How to access Wall Street Journal articles for free

I have a WSJ subscription, but the discounted rate will probably run out soon and I'll need this, too. In any case, here's how:

The Wall Street Journal site, which I'm sure you all know requires a subscription, is set up to allow access through Internet news searches. Presumably, this is because more and more people are getting their news through Google News, et al, instead of choosing one or two favorite sites and sticking to them. This was the ultimate reason the New York Times scrapped its Times Select plan -- because it wanted to allow people to access stories through Web searches.

So anyway, if you Google News a Wall Street Journal article and click through that way, you will be able to access the site. It's only when you try to click through on the WSJ splash page that you're required to log in.

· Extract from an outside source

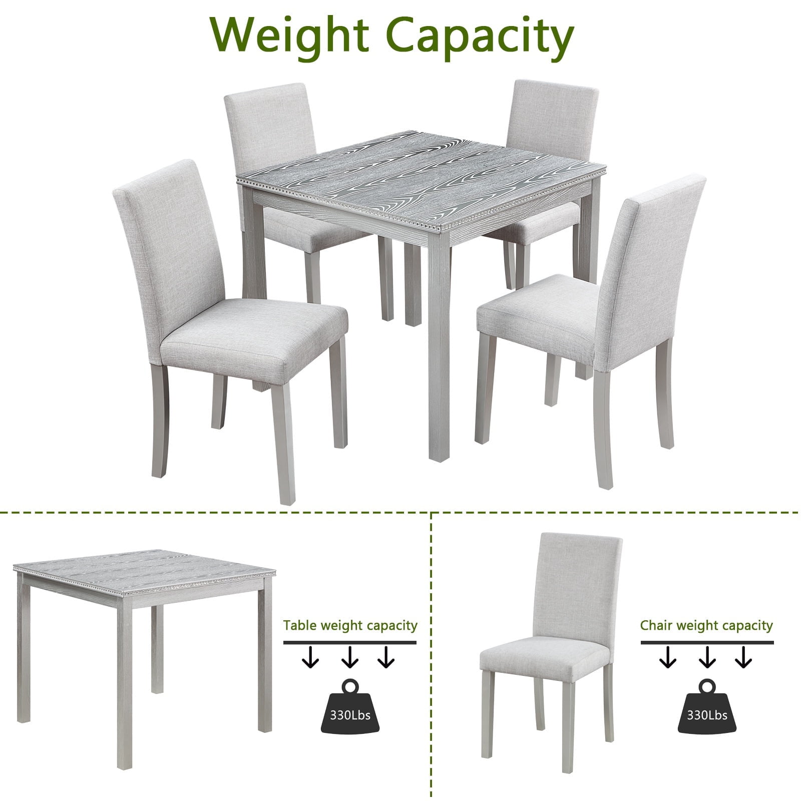 Trusted Quality — The dining table set is made from durable high-quality pine solid wood. Its stable construction ensures spaciousness and sturdiness. The tabletop features a natural wood grain design that adds elegance and care, while the smooth, water-resistant surface is easy to clean with a simple wipe. The table corners have curved edges, ensuring a smooth touch. The wide tabletop and solid legs make it ideal for your home. Contemporary Dining Set – Designed with high-brow essentials in a rich finish, comfortable seats, and modern lines. And the workmanship of the table set creates an elegant and charming atmosphere for your home decor. Wide Application and Adequate Space – The kitchen table set includes a dining table and 4 upholstered dining chairs. It can be applied in various situations, kitchen, dining room, restaurant, and coffee shop, featuring a perfect decoration for domestic use. It maximizes the daily dining enjoyment with your family or friends due to the plenty of space it provides to have a meal. Comfortable Upholstered Chairs — The chairs are made of high-quality solid wood and have comfortable, upholstered seats and backrests with high-quality foam padding. The backrests are thick and soft, providing stable support and comfort. The seats are wide and the cushions are soft, making dining more relaxing. Easy to Assemble – Come with clear instructions and required tools, It will only take you a little time to put together. Our warehouse is in America. If there is any part missing or damaged during shipping, please contact us, we will help you to solve the problem ASAP. Product Dimensions: Table: 45.5″L x 28.5″W x 30″H Chair: 16.5″W x 21.5″D x 35″H Seat Depth: 16″ Seat Height: 19″ Specifications: Product Name: Dining Table Set of 5 Table Material: Pine Wood+MDF Chair Material: Acacia Wood+Bent Wood+Rubber Wood+Fabric+Foam Weight Capacity: Table: 330 LBS, Chair: 330 LBS/piece Upholstered Chair: Yes Assembly Required: 30 min Additional Tools Required: All tools included Package Number: 2 Care & Maintenance: Wood Furniture Care: We recommend dusting frequently with a clean, soft, dry, lint-free cloth. Clean the surface by rubbing in the direction of the grain and wipe dry. Fabric Materials Care: Please use a soft cloth with cool soapy water and a blotting motion to remove the stain. Fully air dry. Package Includes: 1 Dining Table + 4 Upholstered Chairs Notes: Please read the assemble manual in advance. Please do not over-tighten nuts, as this may cause distortion or breakage. Items may slightly differ from photos in terms of color due to the lighting or your monitor’s display. Manual measurement has been used, there may be some reasonable error.
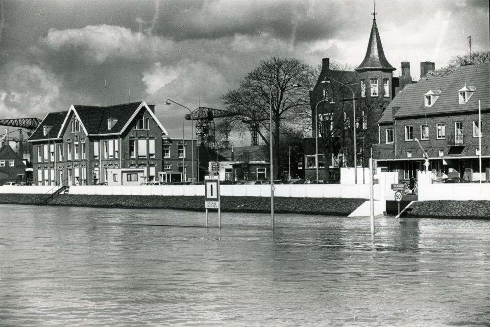 Zwart-wit foto van het hoogwater in Tolkamer in 1988

That means you can circumvent the subscription process in one of two ways: First, if there's a story you want to read and know the headline, you can Google News the headline and click through that way. But according to Salon, the search engine doesn't always bring up the story.

The other method (and this is also pulled from Salon) is to *convince* the Wall Street Journal that you're clicking through a news search engine. You can do this by downloading a Firefox add-on, which you can access here.

Once you install it, you'll see this addition to the Firefox toobar:
Then go to wsj.com, and follow these directions from Salon's machinist:
  • In the refspoof toolbar's "spoof:" field, type "digg.com."
  • Also in the refspoof toolbar, click the R icon, and select "static referrer."
By doing this, you fool the paygate into thinking you are accessing the site through digg, another news search engine.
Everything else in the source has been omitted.